REPUBLIKA.CO.ID, MELBOURNE -- Pemerintah Australia menyatakan setidaknya ada delapan warganya yang menjadi korban ulah kelompok ekstremis ISIS. Dengan taktik peretasan yang amatiran, ISIS berhasil membocorkan data pribadi ribuan orang, umumnya dari kalangan militer dan pejabat di berbagai negara.
Kelompok yang menamakan dirinya Divisi Peretas ISIS membocorkan data pribadi 1.400 orang yang berisi nomor telepon, rincian kartu kredit, password online, serta email pribadi mereka di media sosial.
Di antara para korban terdapat pegawai Angkatan Bersenjata Australia (ADF), politisi lokal, serta pegawai negeri. Menteri Kehakiman Michael Keenan memastikan, pihak intelijen Australia kini memeriksa bocoran itu dan kemungkinan ancaman yang ditimbulkannya.
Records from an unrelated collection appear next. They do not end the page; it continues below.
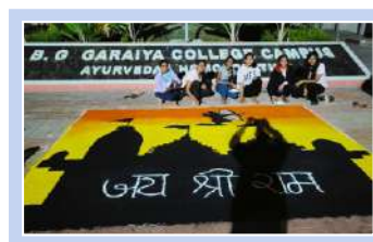
Signature Rangoli by BAMS Students
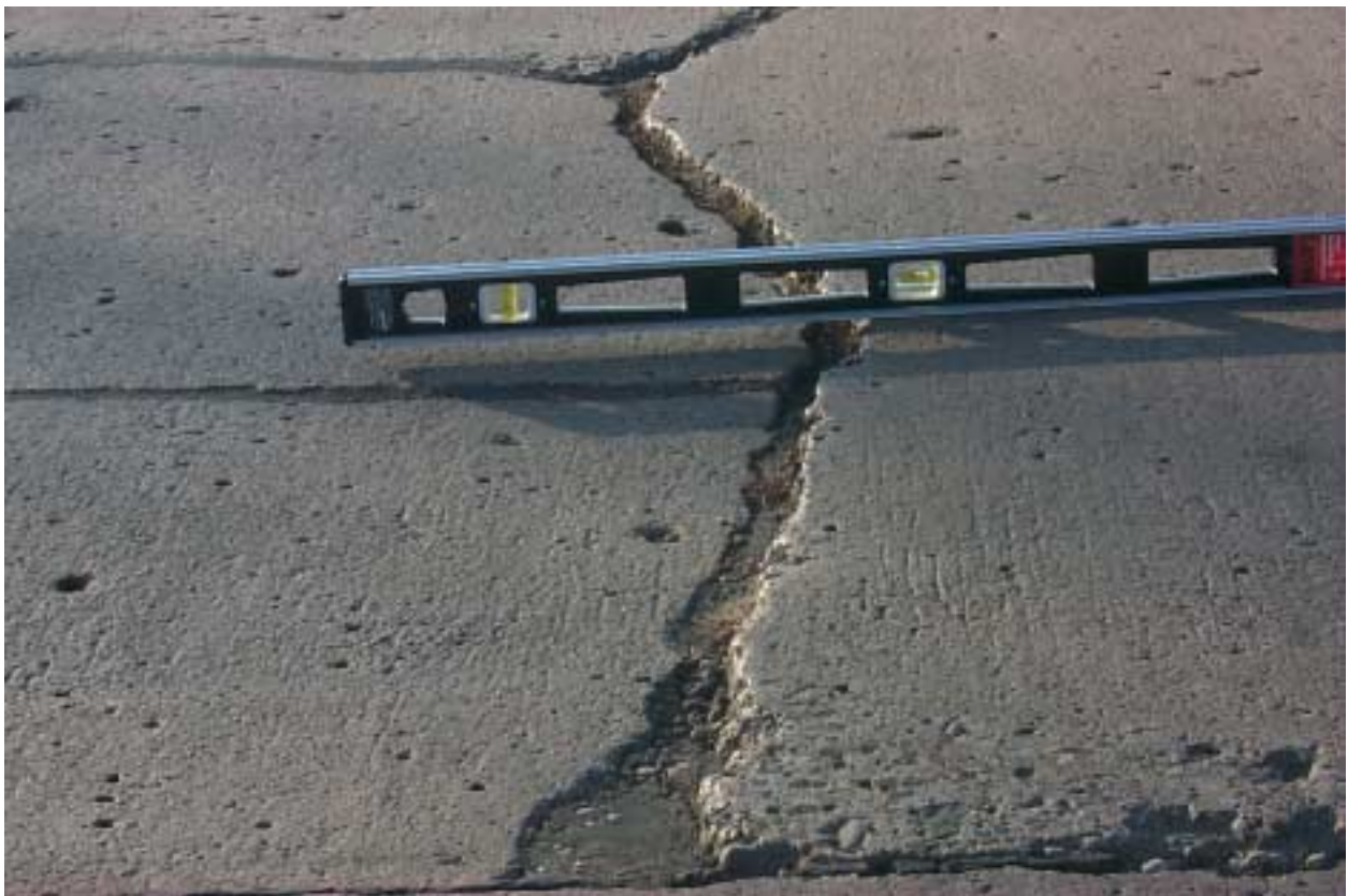
Figure 37. Faulted Panel

Record the number of panels with faulted cracks that exceed the 0.25-inch criteria at any point along its length.
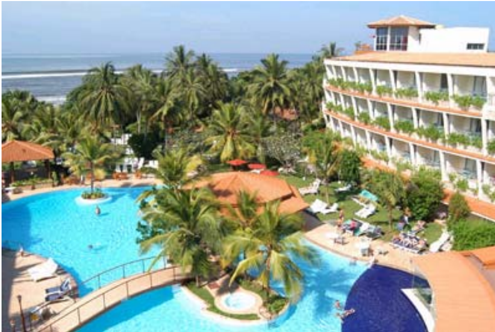
The Eden Resort And Spa Pool
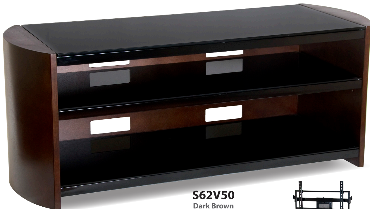
S62V50 Dark Brown
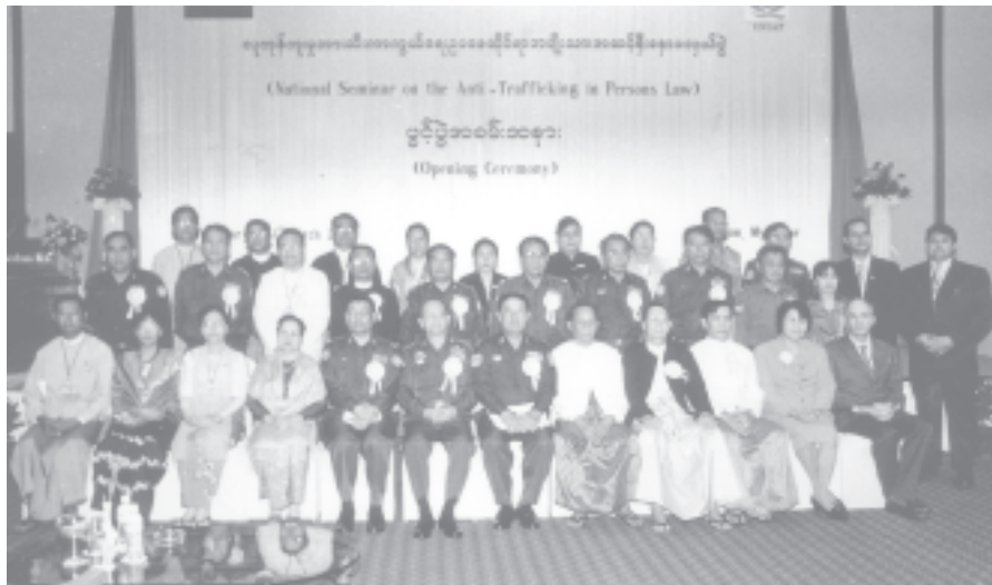
Secretary-I Lt-Gen Thein Sein poses for photo together with resource persons, chairmen of social organizations, personnel of NGOs, diplomats at the seminar.

While the enactment of the law provides a much need legal tool to combat trafficking, as the next two days discussions on the law will reveal, the implementation of this highly comprehensive law on trafficking if not going to be an easy undertaking. The challenge now is to successfully and effectively implement the law. The whole law enforcement sector and the criminal justice system including everyone from all walks of life will have to cooperate and work together to ensure its effective implementation. Lessons learnt from looking at countries, who have before us, enacted anti-trafficking laws reveal that we have many challenges ahead;
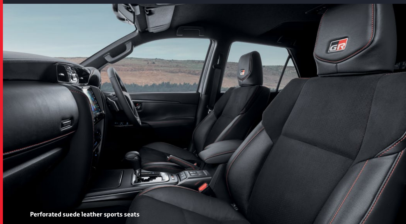
Perforated suede leather sports seats
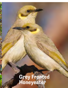
Grey Fronted Honeyeater
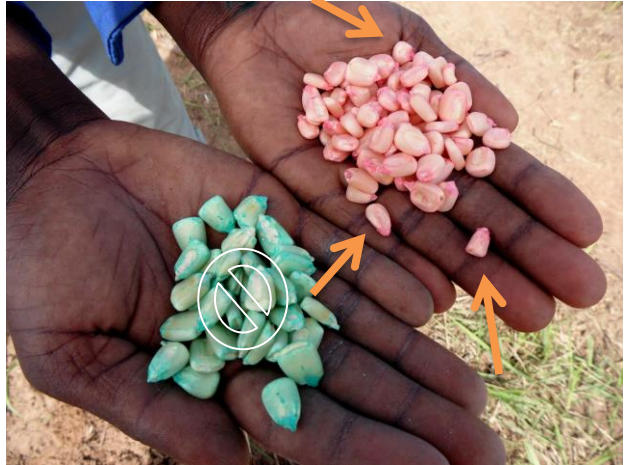
Green seeds (in front) used for this 2014 planting season: the size of the seed is too big for the Greenseeder Hand Planter . The OSU Hand Planter is not dropping big size seeds. Pink seeds (in the back) used for last 2013 planting season: only small size seeds are dropped by the hand planter.
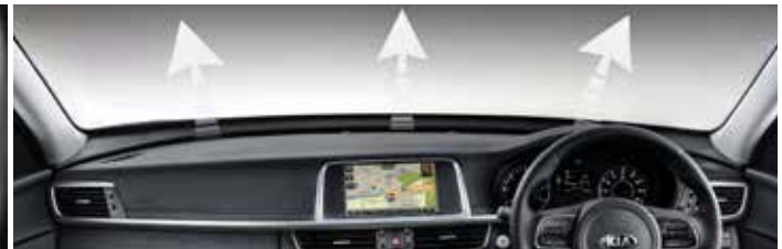
Automatic defog system Clear windows quickly in cold or humid climates to make sure your view is never obstructed.

Features are not necessarily standard across the range.
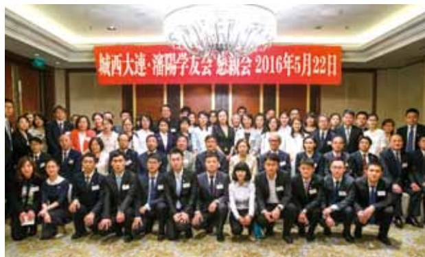
Group photo for the alumni association meeting

Alumni who assembled for this meeting expressed their gratitude to their mentors and home institutions and pledged to continue working for the continued development of their universities and the fostering of China-Japan cultural understanding.
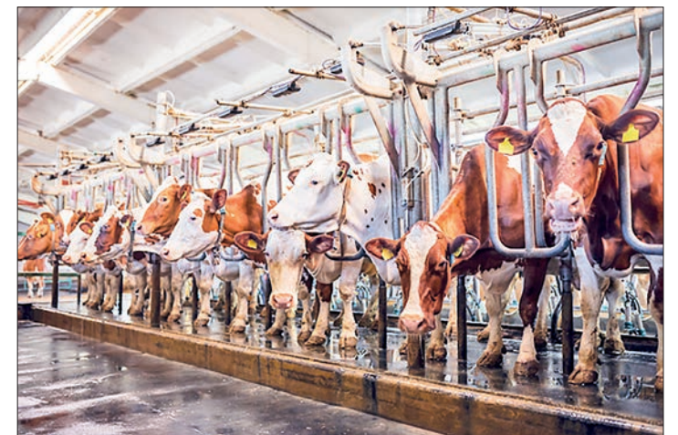
The New Zealand dairy industry is a significant sector of the country’s economy and plays a vital role in its agricultural landscape. Known for its high-quality dairy products, New Zealand is one of the world’s largest exporters of dairy products, particularly milk powder, butter, and cheese.

The government estimates it will cost up to NZ$15 million (US$9 million) to clean up the damage caused by the extreme weather. This is New Zealand’s first recession since 2020, when the pandemic shuttered borders and choked exports. With the economy shrinking, inflation running hot at 6.7 per cent and a 14 October election approaching, the centre-right opposition was quick to blame the government. — AFP
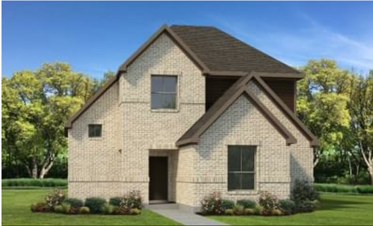
Elevation A - The Victoria
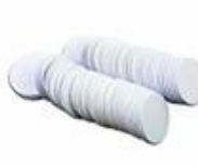
ID/IC Coin Tag Dia 30mm
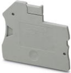
End cover, length: 47.6 mm, width: 2.2 mm, height: 39.8 mm, color: gray

Please be informed that the data shown in this PDF Document is generated from our Online Catalog. Please find the complete data in the user's documentation. Our General Terms of Use for Downloads are valid ( http://phoenixcontact.com/download )
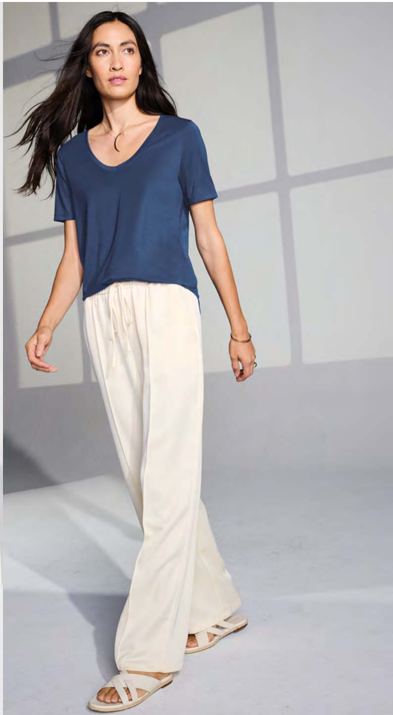
WOMEN'S STRETCH JERSEY RELAXED SCOOP
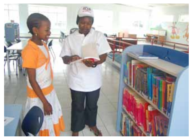
A junior library user is taken through the children section at the new Buruburu Library
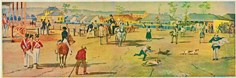
North Terrace, Adelaide 1845 (State Library of South Australia, B7170)

When Light completed surveying the city, the town acres not purchased before settlement were auctioned in one-acre lots, and the temporary campers who could afford to buy quickly claimed their new town lands. The first building material was wood from lands around the River Torrens. The original inhabitants
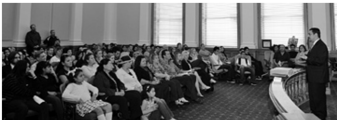
Students, family members and guests in Dept. 1 of Historic Courthouse

The awards ceremony was held on Friday, May 1, 2009, in Department 1 of the Historic Courthouse in Riverside. The following high school students from around the county were recognized for their good citizenship:
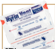
QTY 1 HyFin® Vent Compact, Twin Pk
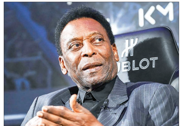
In this file photo taken on April 02, 2019 Brazilian football legend Pele speaks during a meeting with Paris Saint-Germain (PSG) and France national football team forward Kylian Mbappe at the Hotel Lutetia in Paris. PHOTO: AFP

The only player to win three World Cups — in Sweden in 1958, Chile in 1962 and Mexico in 1970 — Pele has self-isolated at his house in Sao Paulo state since the start of the health crisis which has left more than 255,000 people dead in Brazil, where vaccination has been slow to start. —AFP ■
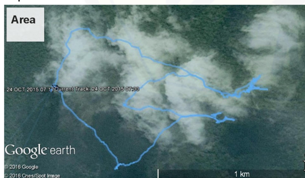
Figure 1. Sampling Location

A total of 24 herbarium specimens of 10 species of had been collected from the study site. The specimens were identified morphologically and compared to several literatures [1], [10]–[14] and specimens collection at Herbarium Jemberiense.
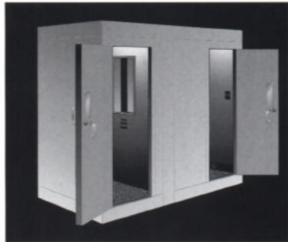
40act Series Audiometric Booth

The 40act Series Single-wall Control/Exam Suite is constructed of 4 in. thick modular panels, complete with carpeted vibration isolated floor, space-saver roof mounted ventilation, recessed electrical, Noise-Lock doors and double glazed windows, audiometric jack panels acoustically matched and shipped ready for field assembly.
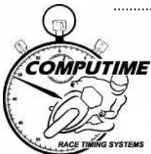
Clerk of Course - Peter Woods
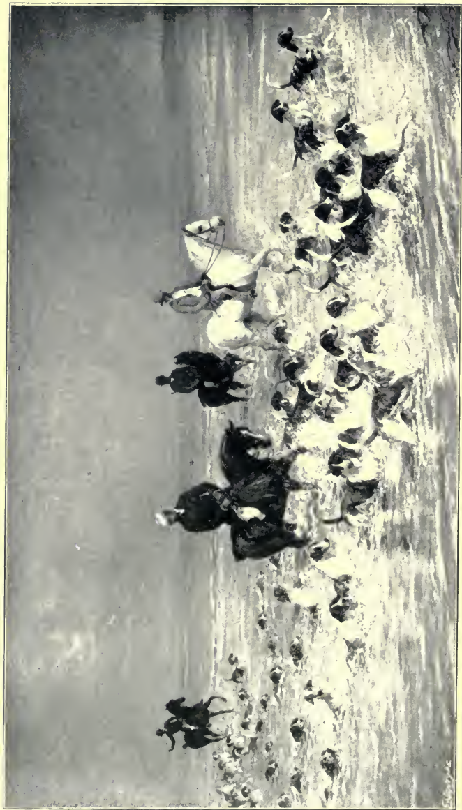
THE CLEVELAND FOXHOUNDS AT EXERCISE.
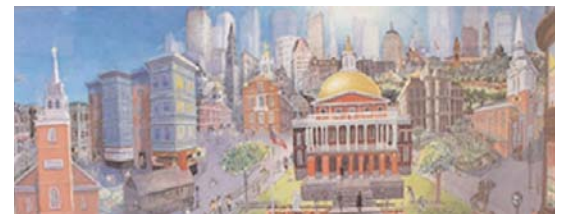
© Painting by Artist/Instructor Beverly Mitchell

Students will be shown new ways of seeing that will enhance their drawing abilities with Concentration on color and design using watercolor. Have fun and learn about fine art. $5. Materials fee to be collected by the Instructor at the first class.
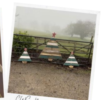
CWS Maintenance Trees £100
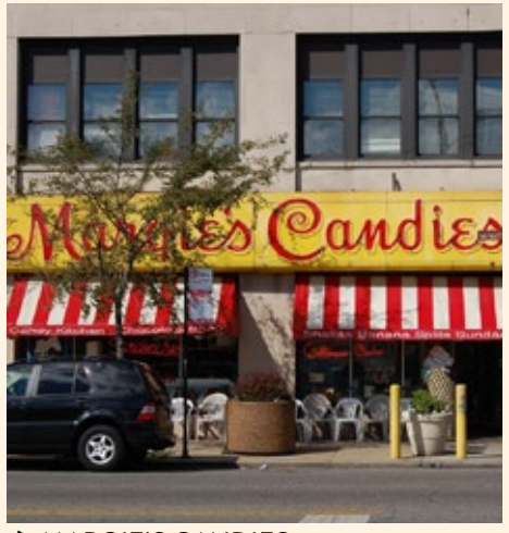
→ MARGIE'S CANDIES
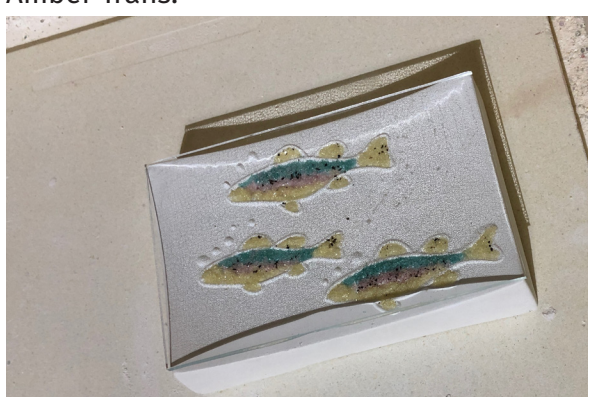
Cut a 5.75" x 3.5" rectangle out of 3m clear fuse-able sheet glass and place it on the mold in your kiln. Fire using the schedule found in table 1.
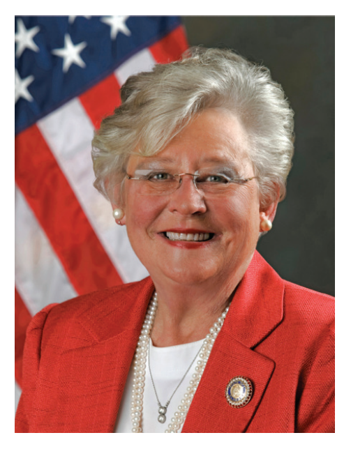
Kay Ivey, Governor of Alabama
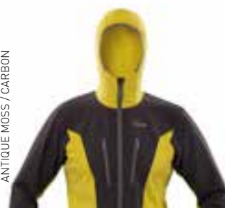
ANTIQUUE MOSS / CARBON
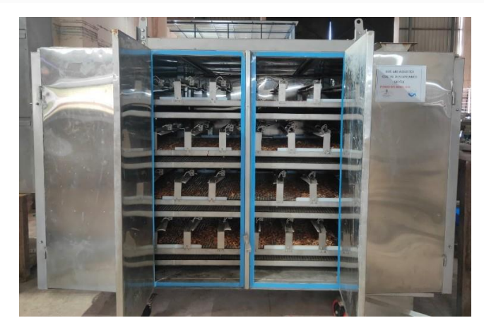
Fig. 10. Pilot-scale hot air-assisted continuous infrared dryer

provided using a PLC (Siemens LOGO X50) and HMI (Siemens LOGO TDI) for situations where full power is not required. Switching on and off the IR heaters of each layer was also controlled by the PLC and HMI automatically. The drying chamber has six air inlets (d = 0.20 m) and two exhaust (rectangular mesh opening) ducts for hot air circulation and to remove humid air. A temperature sensor (J-type thermocouple) was fixed inside the chamber to measure the air temperature during drying. A discharge chute was placed to collect the dried samples.
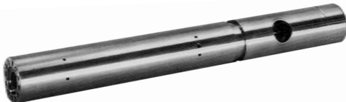
Barrels Nitrided, D2, CPM, Bimetallic
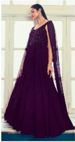
CODE + 4961
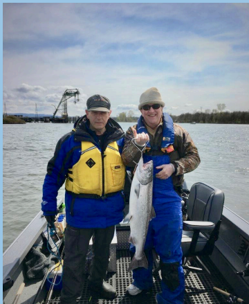
"Springer is what's for dinner"

It is that time of year. Springer fishing. There are two kinds of people in the world. Those that talk about springer fishing year-round and those that only talk about it mostly year-round. I think the first thread posted on a bulletin board such as ifish.net usually occurs in December. Someone is trying not to think about the Holiday Season and all the commotions that come along with it, so they instead focus on springer fishing. They feel that the springer season is just around the corner with the vigil for the "first springer of the season" that usually is caught around January 22nd most years, the 23rd in others.
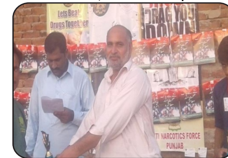
Awareness - Cricket Match at Okara Sep - 17 2016
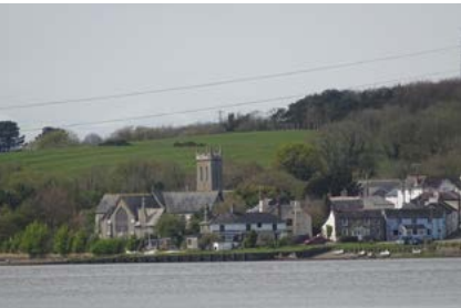
Bere Ferrers comes into view on the west bank of the river
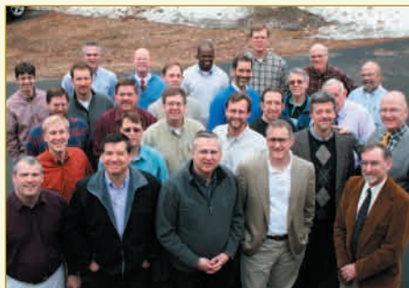
Northern New England Presbytery members

Christ the Redeemer in Portland is forming Gospel Friends of New England, a group encouraging Christians to pray for outreach to
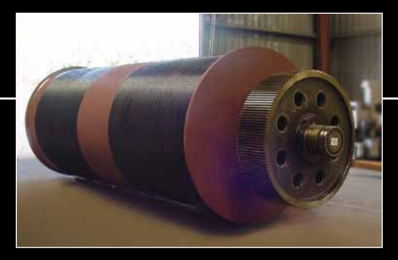
ACE can meet your cable drum needs up to 84" in diameter and 30' long
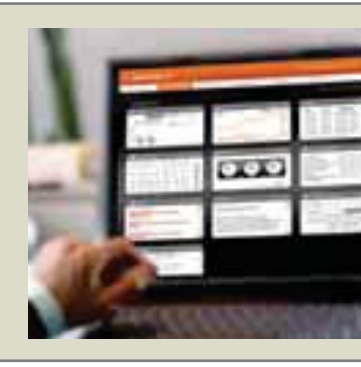
Bank App on Facebook
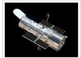
April 24: Hubble Space Telescope in orbit
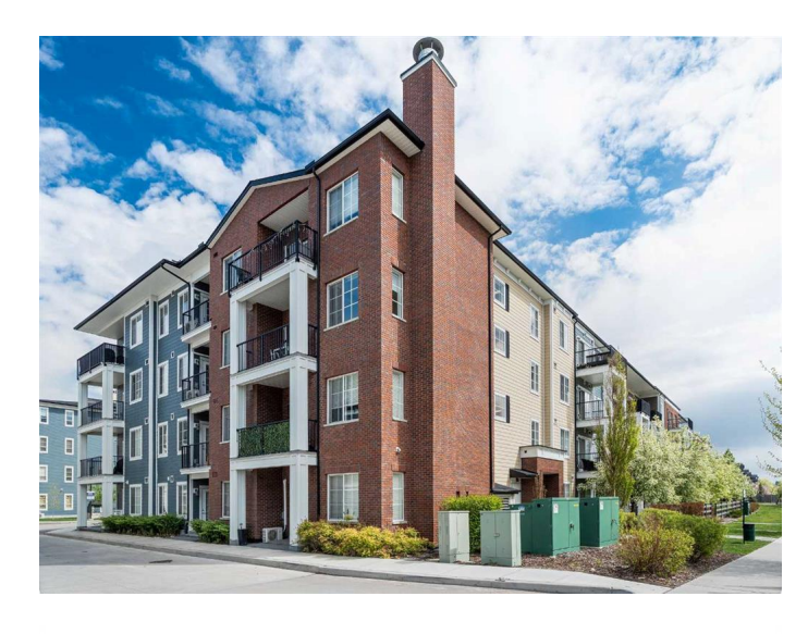
7309-151 Legacy Main St SE, Calgary, AB

Don't miss your chance to call this homeâ€"schedule your showing today!
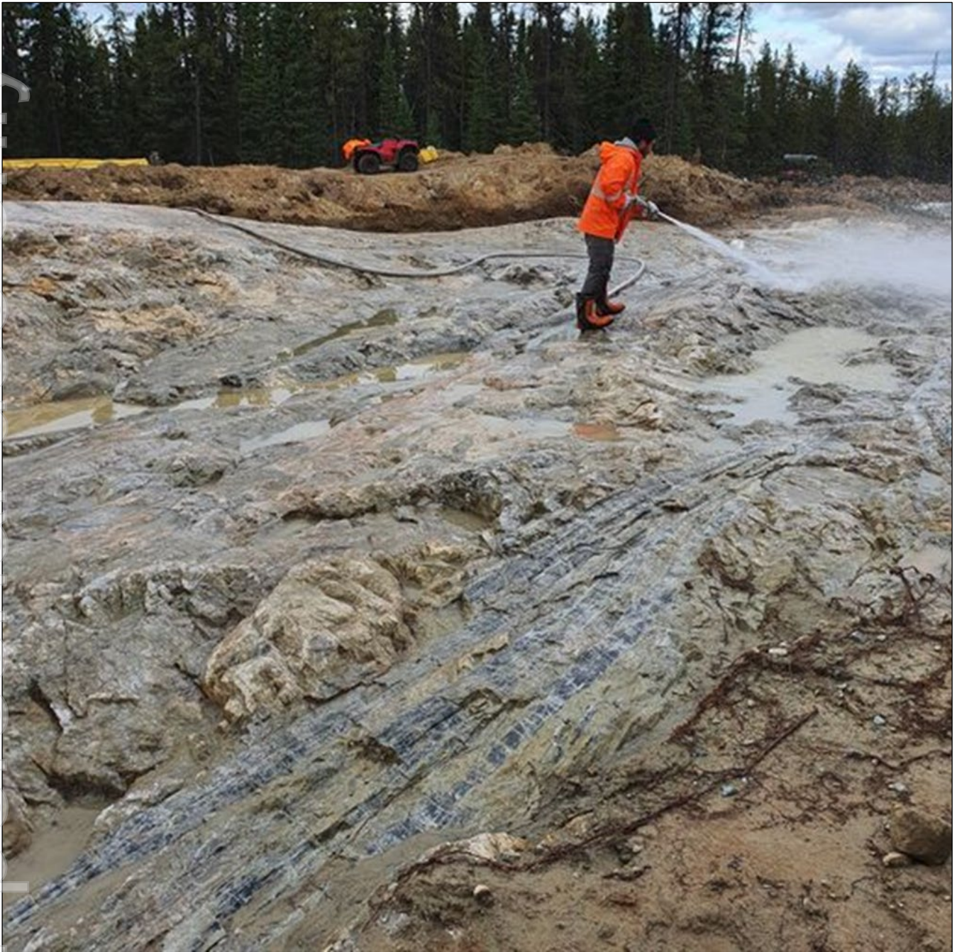
Figure 6: North-east view of the main dyke at Cancet showing spodumene crystals exposed during stripping.
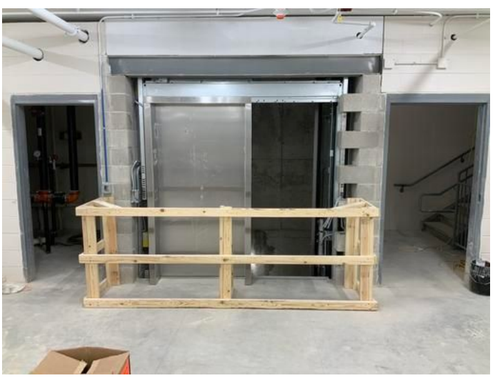
IMG_1764 Taken on Apr 26, 2024, 1:08 PM CDT Added on Apr 26, 2024, 1:24 PM CDT Added by Ken Gleason

Menurut pakar terorisme dari Deakin University Profesor Greg Barton, taktik yang dipergunakan ISUS sebenarnya amatiran dan bukanlah suatu terobosan teknologi.
Meskipun target mereka adalah orang-orang biasa, namun penyebaran informasi pribadi mereka sangat mengkhawatirkan.
"Dalam situasi dan kemungkinan adanya serangan yang dilakukan oleh perorangan, tentu hal ini akan meningkatkan risiko. Ini bukan terobosan teknologi yang dilakukan oleh ISIS, namun dalam konteks dewasa ini tentu saja sangat mengkhawatirkan," jelasnya.